“Hovering constantly over and around her was brother John, doing everything so clumsily and yet so kindly, that Margaret did hot send him from her until the day was closing. Then as I came back to her after a short absence, during which I had gone with Bell and Jessie to the Congress Spring, she said to him softly:

“‘Now leave me with Dora.’

“He obeyed silently, and I fancied there was a flush upon his cheek as he closed the door upon us. All thought of that, however, was forgotten in Margaret’s question:

“‘Dora, are you engaged?’

“How I started, standing upon my feet, so that from the window I saw Dr.
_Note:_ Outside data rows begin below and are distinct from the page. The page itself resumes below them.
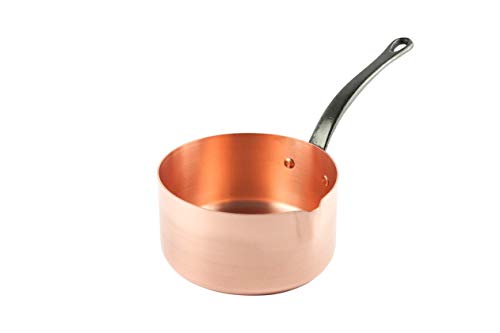 Le design classique de la casserole est complété par un manche en fonte et des rivets en cuivre, assurant une prise stable et résistante. Un bec verseur pratique permet aussi de verser facilement des liquides comme le beurre ou le sucre, ce qui en fait un choix idéal pour la préparation de sauces et de plats sucrés.
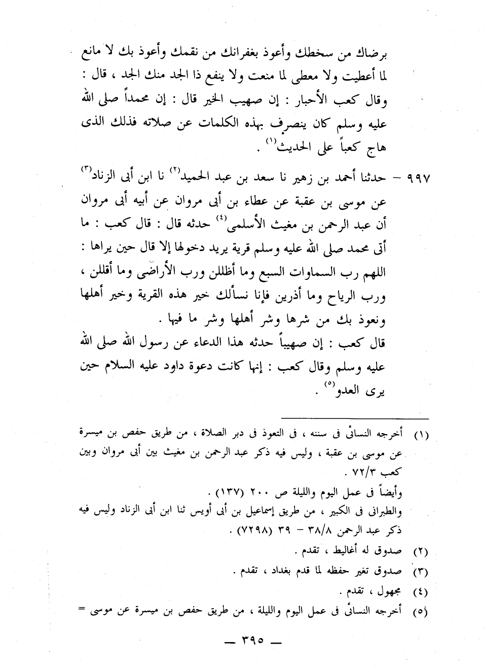 997 - حَدَّثَنَا أَحْمَدُ بْنُ زُهَيْرٍ، نا سَعْدُ بْنُ عَبْدِ الْحَمِيدِ، نا ابْنُ أَبِي الزِّنَادِ، عَنْ مُوسَى بْنِ عُقْبَةَ، عَنْ عَطَاءِ بْنِ أَبِي مَرْوَانَ، عَنْ أَبِيهِ أَبِي مَرْوَانَ، أَنَّ عَبْدَ الرَّحْمَنِ بْنَ مُغِيثٍ الْأَسْلَمِيَّ حَدَّثَهُ قَالَ: قَالَ كَعْبٌ: مَا أَتَى مُحَمَّدٌ صَلَّى اللهُ عَلَيْهِ وَسَلَّمَ قَرْيَةً يُرِيدُ دُخُولَهَا إِلَّا قَالَ حِينَ يَرَاهَا: «§اللَّهُمَّ رَبَّ السَّمَاوَاتِ السَّبْعِ وَمَا أَظْلَلْنَ، وَرَبِّ الْأَرَاضِي وَمَا أَقْلَلْنَ، وَرَبِّ الرِّيَاحِ وَمَا أَذْرَيْنَ، فَإِنَّا نَسْأَلُكَ خَيْرَ هَذِهِ الْقَرْيَةِ وَخَيْرَ أَهْلِهَا، وَنَعُوذُ بِكَ مِنْ شَرِّهَا وَشَرِّ أَهْلِهَا وَشَرِّ مَا فِيهَا» قَالَ كَعْبٌ: إِنَّ صُهَيْبًا حَدَّثَهُ هَذَا الدُّعَاءَ عَنْ رَسُولِ اللَّهِ صَلَّى اللهُ عَلَيْهِ وَسَلَّمَ، وَقَالَ كَعْبٌ: إِنَّهَا كَانَتْ دَعْوَةَ دَاوُدَ عَلَيْهِ السَّلَامُ حِينَ يَرَى الْعَدُوَّ
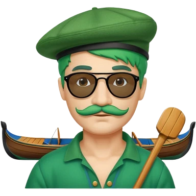 venice gondolier with green hair, iconic hat, glassess and mustache emoji
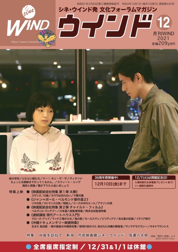 表紙は、「ドライブ・マイ・カー」で第74回カンヌ国際映画祭脚本賞などを受賞した濱口竜介監督による、“偶然”をテーマにした3つの短編からなるオムニバス映画「偶然と想像」(12/18~1/7上映 ※火曜・12/31・1/1休館)。軽快な物語の始まり、日常の対話から一転、鳥肌が立つような緊張感とともに引き出される人間の本性、切り取られる人生の一瞬…。驚きと戸惑いの映画体験が、いま始まる―。第71回ベルリン国際映画祭にて銀熊賞(審査員グランプリ)受賞。
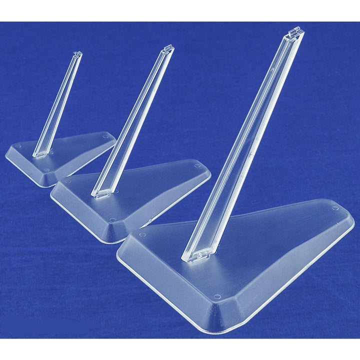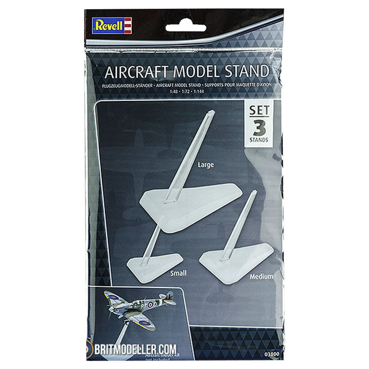 If you prefer to present your built aircraft model dynamically in flight instead of standing on the ground, you can now easily do this with these universal model aircraft stands. The set includes three stands made of transparent plastic for aircraft models in 1:48, 1:72, and 1: 144 scale.
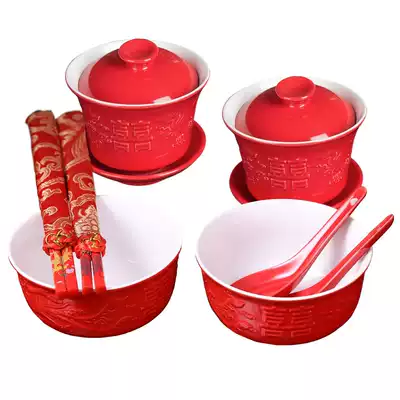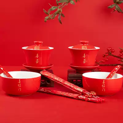 Wedding cup to tea cup to cup Happy bowl to bowl chopsticks tea set set Wedding couple home wedding supplies Daquan
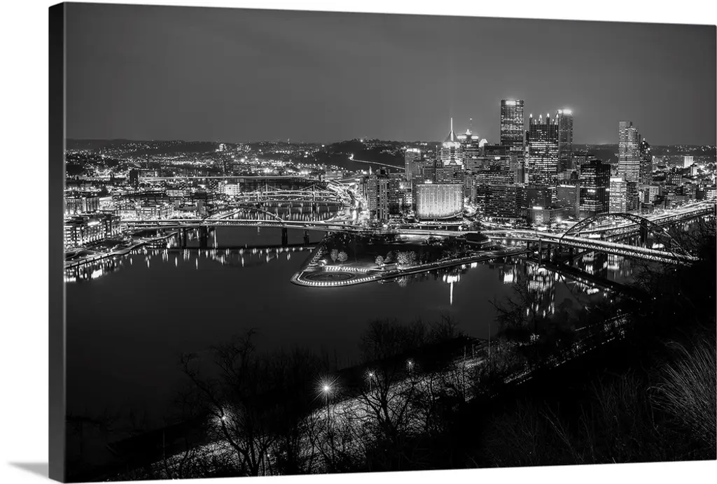 Skyscrapers and bridges in Pittsburgh, Pennsylvania, at nightfall.
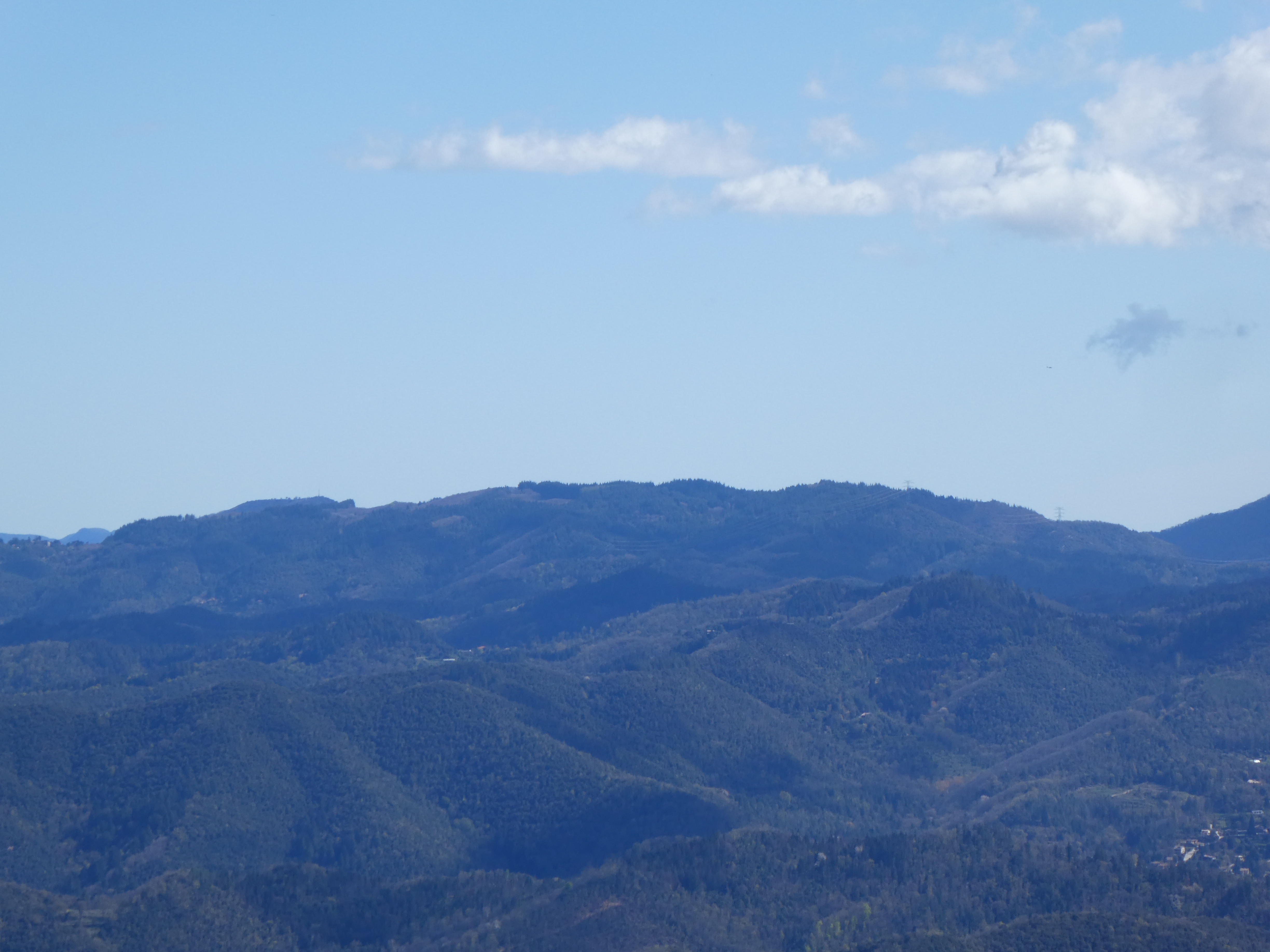 Zoom sur le Comanegra (1554 m) à gauche, et le Puig de les Bruixes (1391 m) et le Puig de Sant Marc (1327 m) à droite
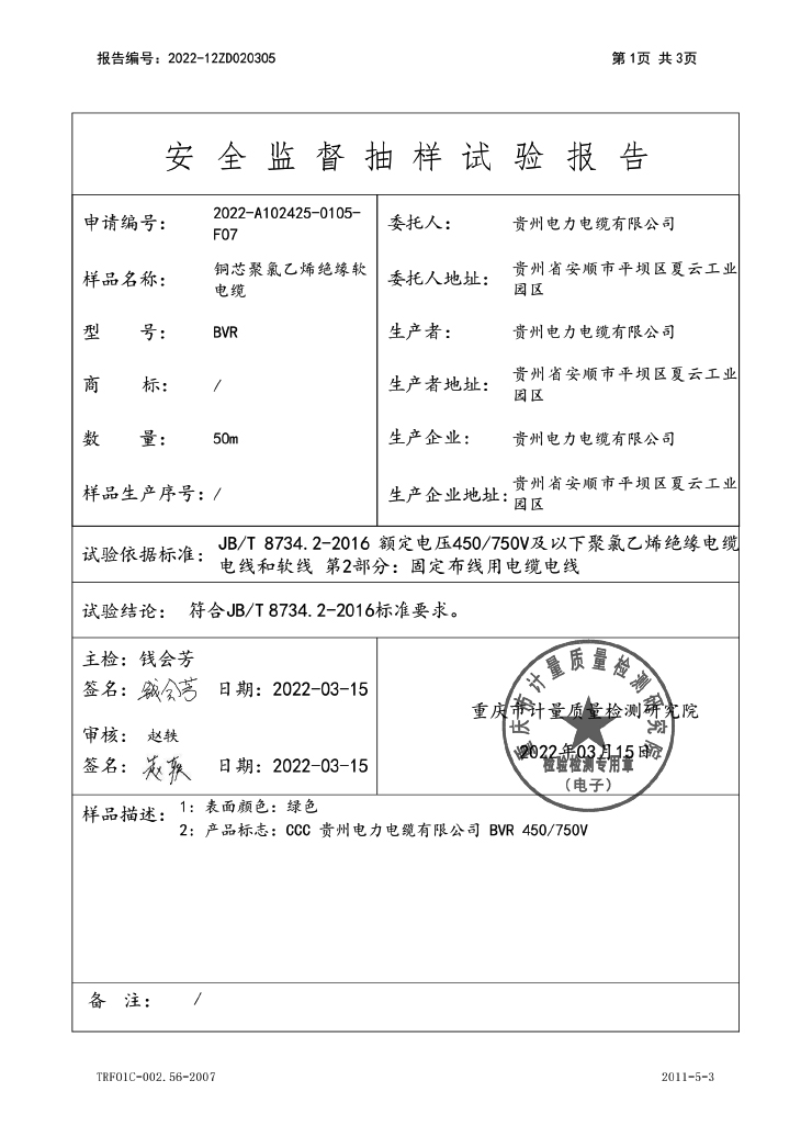 下一篇:聚氯乙烯絕緣聚氯乙烯護(hù)套電力電纜(銅芯聚氯乙烯絕緣聚氯乙烯護(hù)套電力電纜)國(guó)抽檢驗(yàn)報(bào)告

West leaning against a tree, and talking to Jessie, who sat with Bell upon the piazza. I thought she referred to him, and I answered her no, wondering the while if it was a falsehood I told her.

“‘I am glad,’ she said, reaching for my hand. ‘When I heard he was at his sister’s in Morrisville, I thought it might end in an engagement, particularly as he admired you so much when he visited us last summer.’

“I knew now that she was talking of Lieutenant Reed, and that no suspicion of my love for Dr. West had ever crossed her mind, and so I listened, while she continued:

“‘I told you last night that you must be my children’s mother, and you promised that you would. Tell me so again, Dora. Say that no one else shall come between you, and if, in after years, children of your own shall climb your lap, and cling about your neck, love mine still for your dead sister’s sake. Promise, Dora.’

“For an instant there flashed upon my mind a thought, the reality of which would prove a living death, and in that interval I felt all the sickening anguish which would surely come upon me were I to take her place in everything. But she did not mean that. She could not doom me to such a fate, and so when she said to me again faintly, oh! so faintly, while the perspiration stood on her white lips, and her cold hand clasped mine pleadingly, ‘Promise, Dora, to be my children’s mother.’

“I answered, ‘Yes, I will care for and be to them a mother.’